COLLECTED DATA START

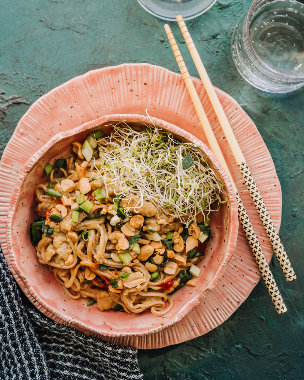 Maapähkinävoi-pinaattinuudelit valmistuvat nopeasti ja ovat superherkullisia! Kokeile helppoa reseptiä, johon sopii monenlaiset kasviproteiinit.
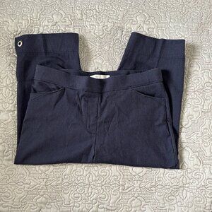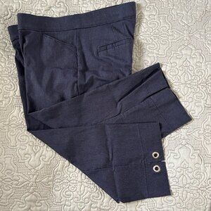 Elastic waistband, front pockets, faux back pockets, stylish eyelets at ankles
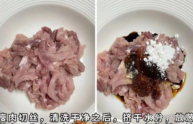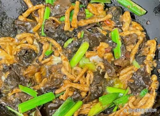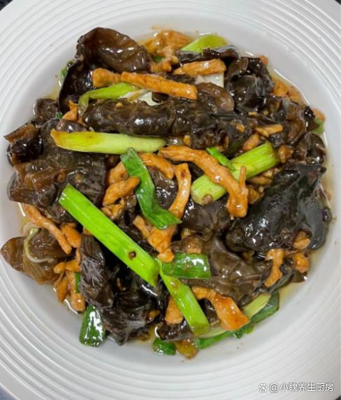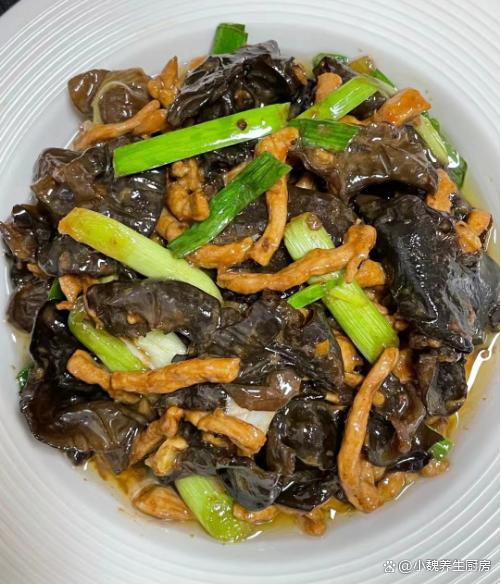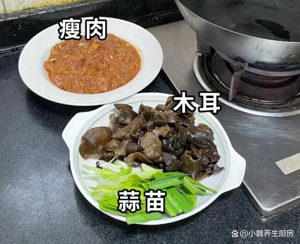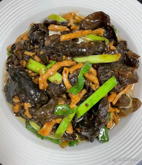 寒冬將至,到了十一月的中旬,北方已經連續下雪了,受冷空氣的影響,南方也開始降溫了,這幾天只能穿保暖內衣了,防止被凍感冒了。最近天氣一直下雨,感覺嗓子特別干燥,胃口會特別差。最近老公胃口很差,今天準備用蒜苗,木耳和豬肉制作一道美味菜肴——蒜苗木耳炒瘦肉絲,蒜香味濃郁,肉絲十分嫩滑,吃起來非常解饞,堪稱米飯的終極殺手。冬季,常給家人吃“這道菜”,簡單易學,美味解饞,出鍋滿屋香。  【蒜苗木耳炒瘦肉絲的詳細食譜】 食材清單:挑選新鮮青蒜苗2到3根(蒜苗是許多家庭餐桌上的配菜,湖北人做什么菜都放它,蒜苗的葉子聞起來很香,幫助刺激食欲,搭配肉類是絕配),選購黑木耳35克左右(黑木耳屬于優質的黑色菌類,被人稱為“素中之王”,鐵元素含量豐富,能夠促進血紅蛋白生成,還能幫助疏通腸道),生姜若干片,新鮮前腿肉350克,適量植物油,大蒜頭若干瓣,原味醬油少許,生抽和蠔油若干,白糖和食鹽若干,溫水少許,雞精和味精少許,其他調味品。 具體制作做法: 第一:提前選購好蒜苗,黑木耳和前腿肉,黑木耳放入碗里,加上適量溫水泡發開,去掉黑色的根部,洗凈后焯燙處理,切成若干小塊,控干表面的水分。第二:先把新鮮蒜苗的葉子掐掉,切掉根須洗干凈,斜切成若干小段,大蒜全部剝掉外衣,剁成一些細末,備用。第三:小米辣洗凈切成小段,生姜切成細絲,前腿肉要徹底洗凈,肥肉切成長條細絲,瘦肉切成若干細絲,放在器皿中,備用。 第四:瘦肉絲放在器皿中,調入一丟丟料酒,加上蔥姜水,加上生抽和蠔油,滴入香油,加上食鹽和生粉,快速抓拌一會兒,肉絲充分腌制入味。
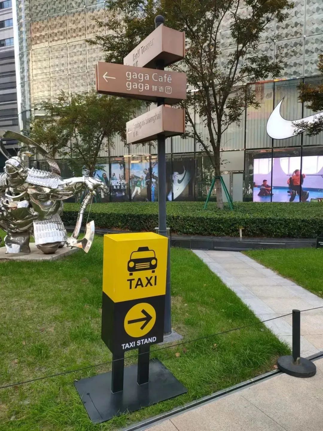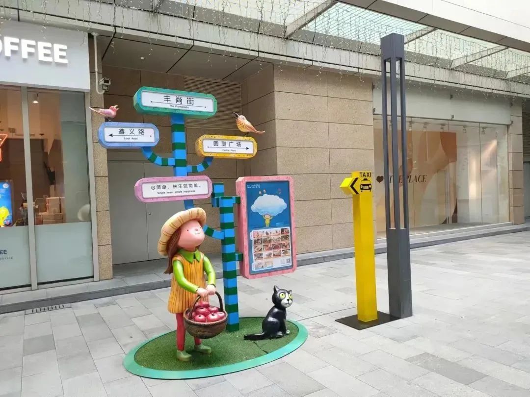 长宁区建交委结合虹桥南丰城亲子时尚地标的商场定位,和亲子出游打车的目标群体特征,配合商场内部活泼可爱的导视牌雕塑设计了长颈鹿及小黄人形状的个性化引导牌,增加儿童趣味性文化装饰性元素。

COLLECTED DATA END

*TASK BRIEF*
From the first line to the last, write out the data above exactly. Omit the pictures.

*RESPONSE*
 Maapähkinävoi-pinaattinuudelit valmistuvat nopeasti ja ovat superherkullisia! Kokeile helppoa reseptiä, johon sopii monenlaiset kasviproteiinit.
 Elastic waistband, front pockets, faux back pockets, stylish eyelets at ankles
 寒冬將至,到了十一月的中旬,北方已經連續下雪了,受冷空氣的影響,南方也開始降溫了,這幾天只能穿保暖內衣了,防止被凍感冒了。最近天氣一直下雨,感覺嗓子特別干燥,胃口會特別差。最近老公胃口很差,今天準備用蒜苗,木耳和豬肉制作一道美味菜肴——蒜苗木耳炒瘦肉絲,蒜香味濃郁,肉絲十分嫩滑,吃起來非常解饞,堪稱米飯的終極殺手。冬季,常給家人吃“這道菜”,簡單易學,美味解饞,出鍋滿屋香。  【蒜苗木耳炒瘦肉絲的詳細食譜】 食材清單:挑選新鮮青蒜苗2到3根(蒜苗是許多家庭餐桌上的配菜,湖北人做什么菜都放它,蒜苗的葉子聞起來很香,幫助刺激食欲,搭配肉類是絕配),選購黑木耳35克左右(黑木耳屬于優質的黑色菌類,被人稱為“素中之王”,鐵元素含量豐富,能夠促進血紅蛋白生成,還能幫助疏通腸道),生姜若干片,新鮮前腿肉350克,適量植物油,大蒜頭若干瓣,原味醬油少許,生抽和蠔油若干,白糖和食鹽若干,溫水少許,雞精和味精少許,其他調味品。 具體制作做法: 第一:提前選購好蒜苗,黑木耳和前腿肉,黑木耳放入碗里,加上適量溫水泡發開,去掉黑色的根部,洗凈后焯燙處理,切成若干小塊,控干表面的水分。第二:先把新鮮蒜苗的葉子掐掉,切掉根須洗干凈,斜切成若干小段,大蒜全部剝掉外衣,剁成一些細末,備用。第三:小米辣洗凈切成小段,生姜切成細絲,前腿肉要徹底洗凈,肥肉切成長條細絲,瘦肉切成若干細絲,放在器皿中,備用。 第四:瘦肉絲放在器皿中,調入一丟丟料酒,加上蔥姜水,加上生抽和蠔油,滴入香油,加上食鹽和生粉,快速抓拌一會兒,肉絲充分腌制入味。
 长宁区建交委结合虹桥南丰城亲子时尚地标的商场定位,和亲子出游打车的目标群体特征,配合商场内部活泼可爱的导视牌雕塑设计了长颈鹿及小黄人形状的个性化引导牌,增加儿童趣味性文化装饰性元素。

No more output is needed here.